• Task details:
Leaving out pictures, output exactly the lines below from the one that has "Op de volgende" through the one that has "Höhe: 30,00 cm", and nothing else.

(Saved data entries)
- Opening Delimiter -

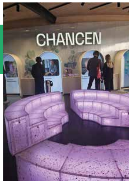
Blick in die „experimenta – Das Science Center“ in Heilbronn

Der KI-Schulpreis hat eindrucksvoll gezeigt, wie viel Innovationskraft bereits heute in unseren Schulen steckt. Diese Dynamik gilt es aufzugreifen, struktu-
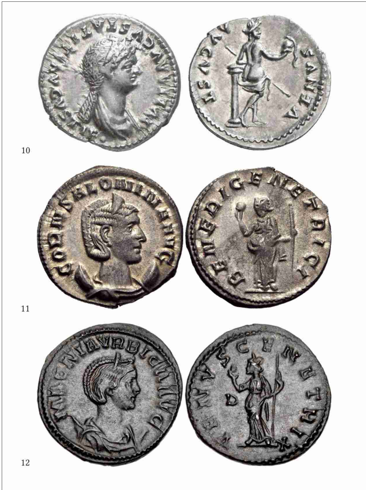
Fig. 4. 10. Denar der Kaiserin Iulia Titii, Rom, während der Regierung des Titus, RIC II, 122.56. ( http://www.lanzauctions.com/coin.php?b=erUiOPnwI4gCpkZCUDgzZP%2FVOxidwQZHQft2yNkT%2FOY%3D&a=axMT8TXcgF4iz2%2FrYq_Q7BT9u984k%2F%2B0WdwTO1aJXIOs%3D%23n3 , 2014.08.22.); 11. Saloninas Antoninian, während der Samtherrschaft der Kaiser Valerianus und Gallienus, RIC V/1, 114.61. ( https://www.cngcoins.com/Coin.aspx?CoinID=157074 , 2014.08.22.); 12. Antoninian von Magnia Urbica, Lugdunum, während der Regierung des Carinus, RIC V/2, 183.337 ( https://www.cngcoins.com/Coin.aspx?CoinID=242706 , 2014.08.22.).
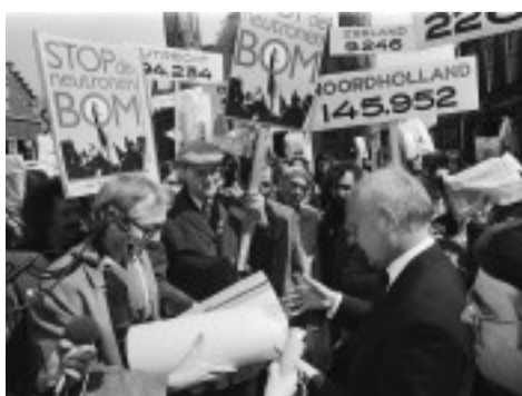
Doemdenken is weer hip
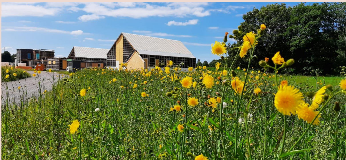
In Midden-Drenthe moet ruimte zijn voor iedereen, om te wonen, te werken, te recreëren of om van de oude dag te genieten

Op de volgende pagina's presenteren wij u graag onze speerpunten voor de periode 2022-2026.
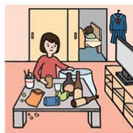
アルコール・薬物・ギャンブル を抱える家族に対応している
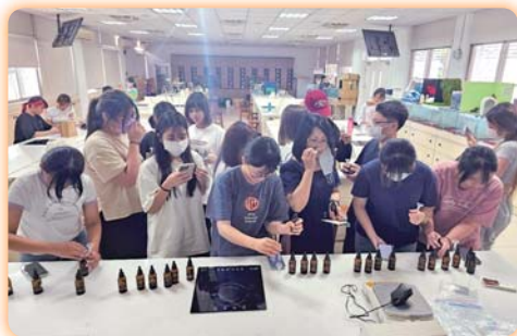
▲「靈數香氣專屬精油滾珠瓶調製工作坊」融合生命靈數與植物化學、個性與香氣頻率，調製專屬自己命數能量的精油滾珠瓶
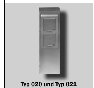
Typ 020 und Typ 021

Höhe: 30,00 cm Breite: 10,00 cm Tiefe: 8,00 cm
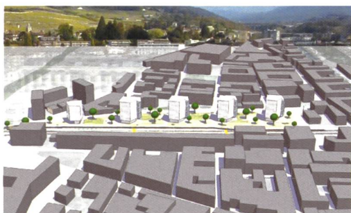
Projet retenu au deuxième tour: «VEVÉCOVILLE», Bellmann architectes, Plarel architectes urbanistes, Christe et Gygax, Atelier du Paysage J-Y Le Baron, C'S'D
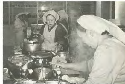
健康を考えた料理に取り組んでいます

栄養改善推進員は、市から委嘱を受け、食生活改善活動を進めています。活動内容は、学習したことをもとに、地域で健康を考えた簡単にできる料理教室を開催したり、献立やリフレットの配布、市の事業へのお誘いを行っています。 食生活に関心のある人、お気軽に声を掛けてください。 ☎中央保健センター ☎66・7490番

- Closing Delimiter -

• Output:
Op de volgende pagina's presenteren wij u graag onze speerpunten voor de periode 2022-2026.
アルコール・薬物・ギャンブル を抱える家族に対応している
▲「靈數香氣專屬精油滾珠瓶調製工作坊」融合生命靈數與植物化學、個性與香氣頻率，調製專屬自己命數能量的精油滾珠瓶
Typ 020 und Typ 021

Höhe: 30,00 cm Breite: 10,00 cm Tiefe: 8,00 cm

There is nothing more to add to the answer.